The advantage of artificial drainage is that it provides the ability to use high quality, low salinity irrigation drinking water (if available to a grower) to completely remove salts from the soil. However, artificial drainage systems will not work where there is no saturated condition in the soil. H2o will not collect in a drain if the soil around it is not saturated.
Table 3. Approximated drinking water application needed to leach salts. Example: If a soil’s electrical conductivity is 8 mmhos/cm,Office Pro 2010 Key, and you want to reduce it to 4 mmhos/cm. This represents a 50 percent reduction in salts. Therefore, 6 inches of h2o would be required.
After drainage appears adequate, the leaching process can begin. Table 3 shows how much drinking water is required to leach salts. Actual salt reduction depends upon drinking water quality, soil texture and drainage.
Figure 1. Salt management in double-row bed system. Figure 2. Salt management in single-row bed systems. Managed Accumulation
In addition to leaching salt below the root zone, salts can also be moved to areas away from the primary root zone with certain crop bedding and surface irrigation systems. Figures 1 and 2 illustrate several ways to manage salt accumulation in this manner. The goal is to ensure the zones of salt accumulation stay away from germinating seeds and plant roots. Irrigation uniformity is essential with this method. Without uniform distribution of h2o, salts will build up in areas where the germinating seeds and seedling plants will experience growth reduction and possibly death.

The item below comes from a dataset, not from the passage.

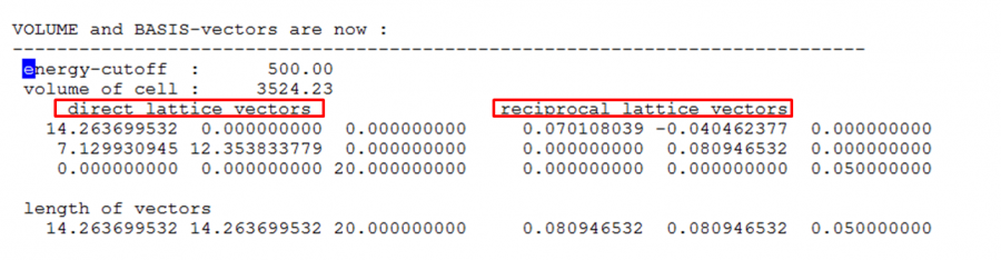 计算有效质量时,将距离转换成Bohr-1,但在右下角这个公式中 原帖 http://muchong.com/bbs/viewthread.php?tid=9806163&fpage=1&target=blank 如果Col(A)的数据是用VASP计算(或P4VASP)得到,那么Col(A)为倒格子中K点之间的距离,单位已经是1/Å了(数值需要乘以2π这个常数),a为晶格常数(单位为Å),则1/a单位也为1/Å 因此这个公式的结果单位为1/Å2。 而需要转换成的是长度的-1次方。Bohr和Å转换只是一个倍数关系,不会出现-2次方的关系,因此这个公式在量纲上应该是有问题的。 附上为什么在VASP(或P4VASP)结果中Col(A)的单位为1/Å。 这是我从VASP中的OUTCAR中截的图。 正格基矢(direct lattice vectors)的三个分量(三行)在xyz轴上的分量(三列)单位都是Å。 下面是计算倒格基矢(reciprocal lattice vectors)的方法 可以看到输出的晶胞体积以及倒格基矢和上面的图中VASP的倒格基矢是一样的。以b1为例,a2叉乘a3,根据矩阵叉乘的法则 叉乘后在xyz轴上的分量的单位为Å2, 再除以体积V(单位Å3)后,单位变成Å2 /Å3=Å-1,即1/Å 但是VASP在计算倒格基矢时没有乘以2π(图中(*xxx*)注释部分),因此在长度转换时要把数值先乘以2π。 不知道我的推导有没有问题,还是关于有效质量计算的那个长度转换公式我理解的不对,请各位虫友讨论指正,谢谢! [ Last edited by llh2010 on 2016-8-19 at 09:26 ] |

Double-row bed systems require uniform wetting toward the middle of the bed. This leaves the sides and shoulders of the bed relatively free from injurious levels of salinity. Without uniform applications of h2o (one furrow receiving more or less than another), salts accumulate closer to one side of the bed. Periodic leaching of salts down from the soil surface and below the root zone may still be required to ensure the beds are not eventually salted out.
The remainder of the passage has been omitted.